What is being asked:
Please repeat only the lines below starting at the line that holds "离开奥地利后,普京赴德国梅塞" and ending at the line that holds "Cyzicus mint; struck", exactly, with both of those lines included and every picture omitted.

### Given data ###

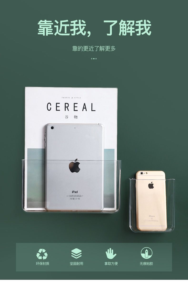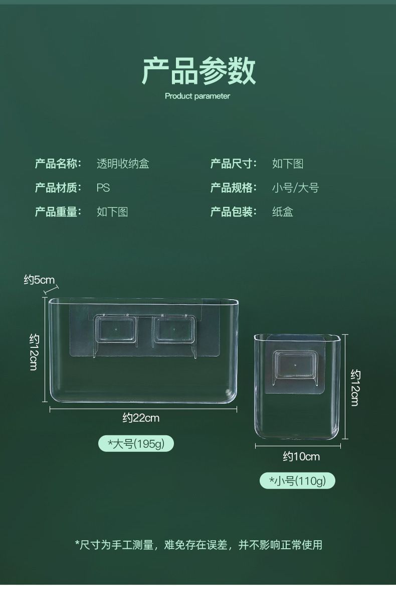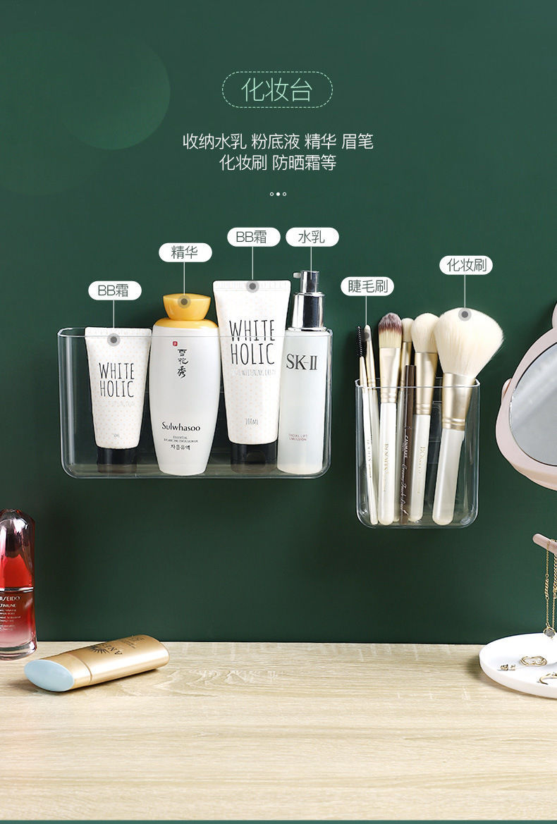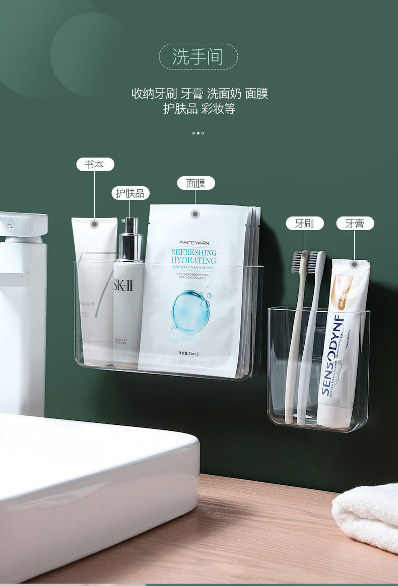 透明挂壁式收纳盒免打孔卫生间置物架客厅房间墙壁杂物整理盒
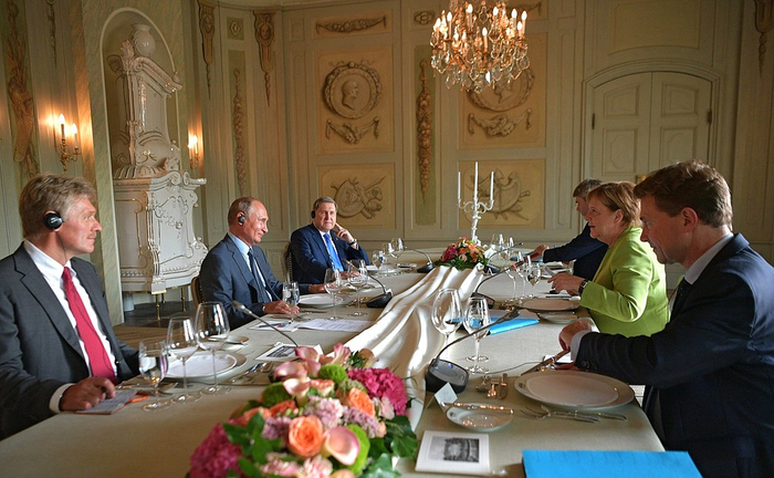 离开奥地利后,普京赴德国梅塞堡,在那里与默克尔会面,二人就乌克兰和叙利亚问题进行了探讨,并讨论了美国与土耳其关系进一步恶化可能带来的后果。德媒分析指出,这次访问不会推动俄德关系大幅改善,但显然两国首脑愿意在共同利益领域合作。
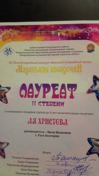 5-годишната Ая Христова, възпитаничка на вокално студио за поп и джаз „Икономов“ в Русе, се завърна с две награди от XIІ-я международен конкурс за детска естрадна песен „Малки звездички“, който се проведе от 20 до 25 март 2016 г. в Санкт Петербург, Русия.
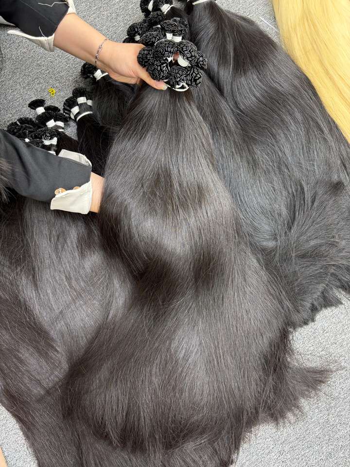 K ปลายผมมนุษย์ผมธรรมชาติเคราตินแท้100% เต็มนิ้วมัดผมตรงยืดและไม่ผ่านกระบวนการ
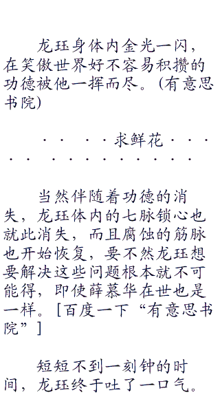 玉无瑕不由大惊,连忙运气给龙珏整理静脉。
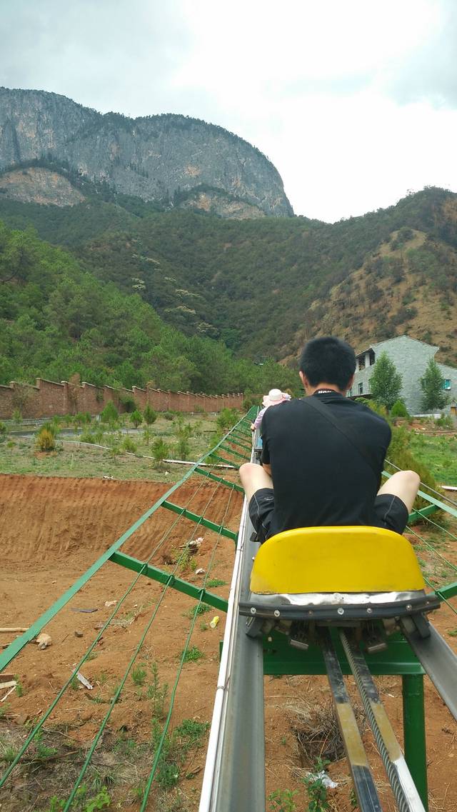 先要乘坐一小段这种滑道,有点像开碰碰车,很好玩的。
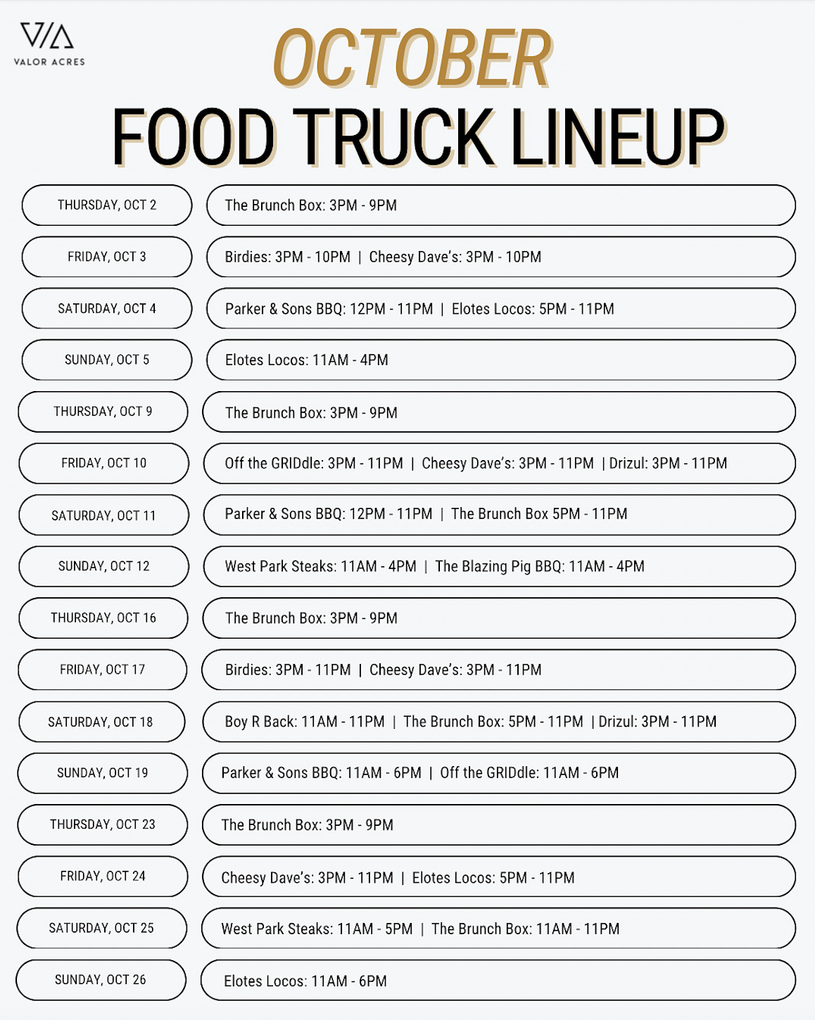 The Post includes both indoor and covered space that can accommodate 100+ guests, and the outdoor area surrounding The Post can accommodate approximately 500 guests, making it an ideal venue for both casual meetups and larger community events. If you’re interested in hosting a private event with us, please email us at privateevents@valoracres.com.
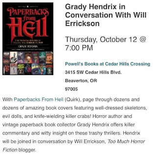 This is it everyone! Grady and I will meet for the first time face-to-face and discuss our book Paperbacks from Hell, out now from Quirk Books. Starts at 7:00pm at Powell's at Cedar Hills just outside Portland. We'll be talking about all those great vintage paperbacks you know and love and signing copies of ours. If you're in the area it'd be great to meet you!
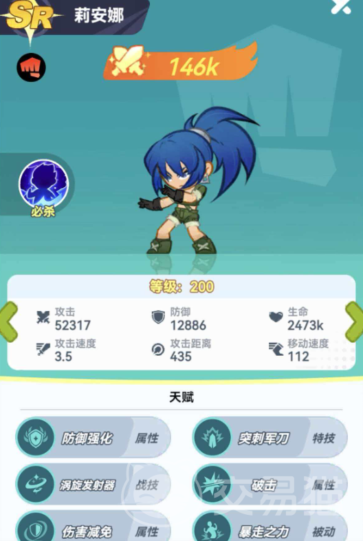 《最强斗王》以高密度打击感与快节奏连招为核心,复刻街机格斗的热血氛围。在众多角色中,SR品质格斗家莉安娜凭借其不可替代的战术价值脱颖而出——她并非泛用型输出,而是专精于瞬时斩杀与战局逆转的关键执行者。
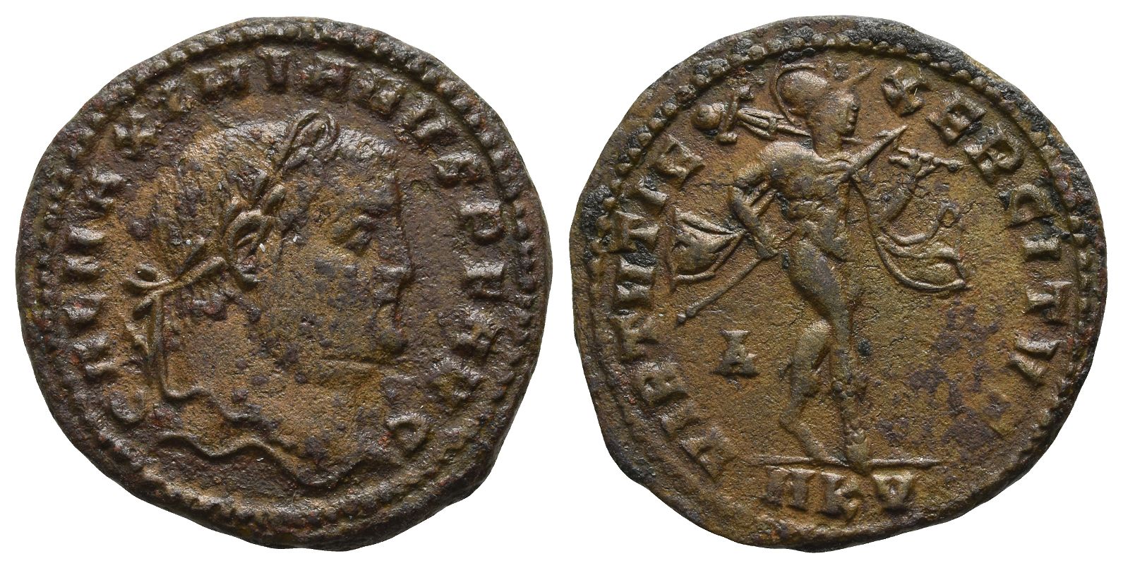 Cyzicus mint; struck AD 308-309. 1st officina. GAL MAXIMIANVS P F AVG, laureate head to right / VIRTVTI EXERCITVS, Virtus advancing to right, holding transverse spear and trophy over shoulder; A in left field, MKV in exergue. RIC VI 47. 7.06gr, 26mm, 12h.
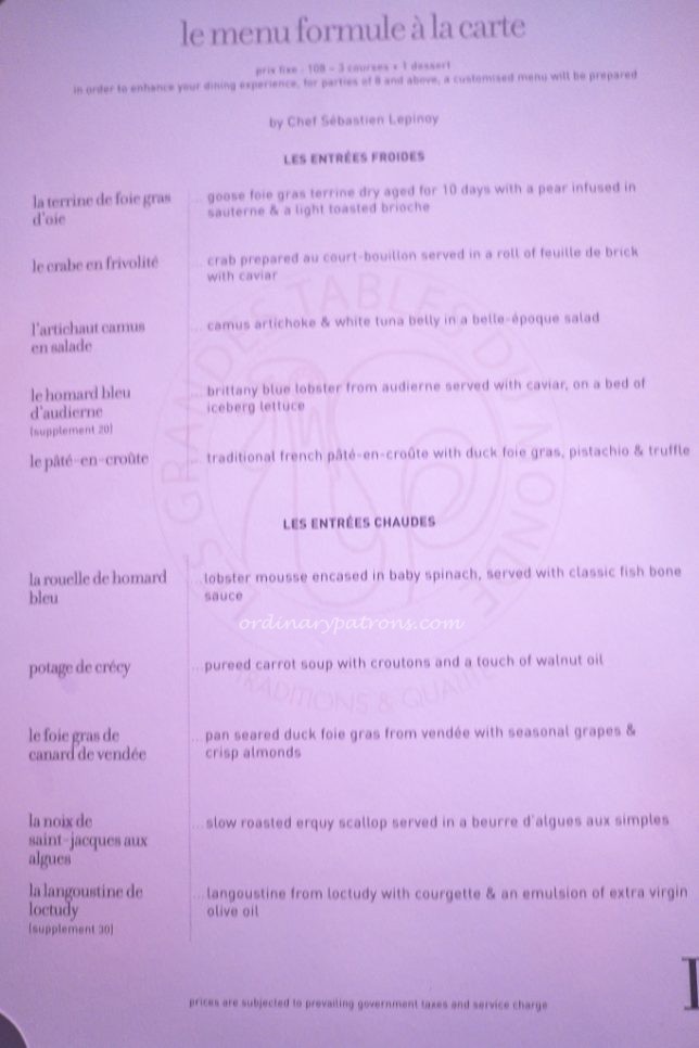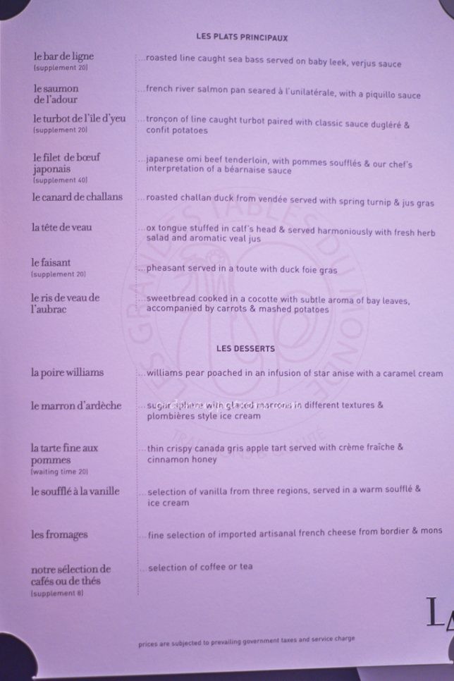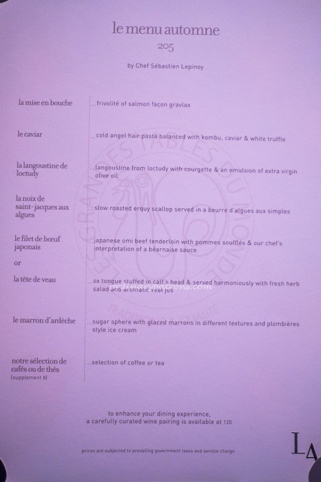 Another good reason to pick Les Amis as a restaurant for birthday celebration in Singapore is the format of their lunch menu. They have three lunch menus that cost $85, $108 and $205. They are quite reasonably priced considering the awards this restaurant have received (including a Michelin 2 star award), the quality of the accommodation and service. The menu that we had was the mid-range one – the $108 le menu formule à la carte. It is a four course lunch which is just about right for a lunchtime celebratory meal. We could choose what we like, rather than some pre-destined options decided by the host. Some items attract the payment of extra money.

###

Answer box:
 离开奥地利后,普京赴德国梅塞堡,在那里与默克尔会面,二人就乌克兰和叙利亚问题进行了探讨,并讨论了美国与土耳其关系进一步恶化可能带来的后果。德媒分析指出,这次访问不会推动俄德关系大幅改善,但显然两国首脑愿意在共同利益领域合作。
 5-годишната Ая Христова, възпитаничка на вокално студио за поп и джаз „Икономов“ в Русе, се завърна с две награди от XIІ-я международен конкурс за детска естрадна песен „Малки звездички“, който се проведе от 20 до 25 март 2016 г. в Санкт Петербург, Русия.
 K ปลายผมมนุษย์ผมธรรมชาติเคราตินแท้100% เต็มนิ้วมัดผมตรงยืดและไม่ผ่านกระบวนการ
 玉无瑕不由大惊,连忙运气给龙珏整理静脉。
 先要乘坐一小段这种滑道,有点像开碰碰车,很好玩的。
 The Post includes both indoor and covered space that can accommodate 100+ guests, and the outdoor area surrounding The Post can accommodate approximately 500 guests, making it an ideal venue for both casual meetups and larger community events. If you’re interested in hosting a private event with us, please email us at privateevents@valoracres.com.
 This is it everyone! Grady and I will meet for the first time face-to-face and discuss our book Paperbacks from Hell, out now from Quirk Books. Starts at 7:00pm at Powell's at Cedar Hills just outside Portland. We'll be talking about all those great vintage paperbacks you know and love and signing copies of ours. If you're in the area it'd be great to meet you!
 《最强斗王》以高密度打击感与快节奏连招为核心,复刻街机格斗的热血氛围。在众多角色中,SR品质格斗家莉安娜凭借其不可替代的战术价值脱颖而出——她并非泛用型输出,而是专精于瞬时斩杀与战局逆转的关键执行者。
 Cyzicus mint; struck AD 308-309. 1st officina. GAL MAXIMIANVS P F AVG, laureate head to right / VIRTVTI EXERCITVS, Virtus advancing to right, holding transverse spear and trophy over shoulder; A in left field, MKV in exergue. RIC VI 47. 7.06gr, 26mm, 12h.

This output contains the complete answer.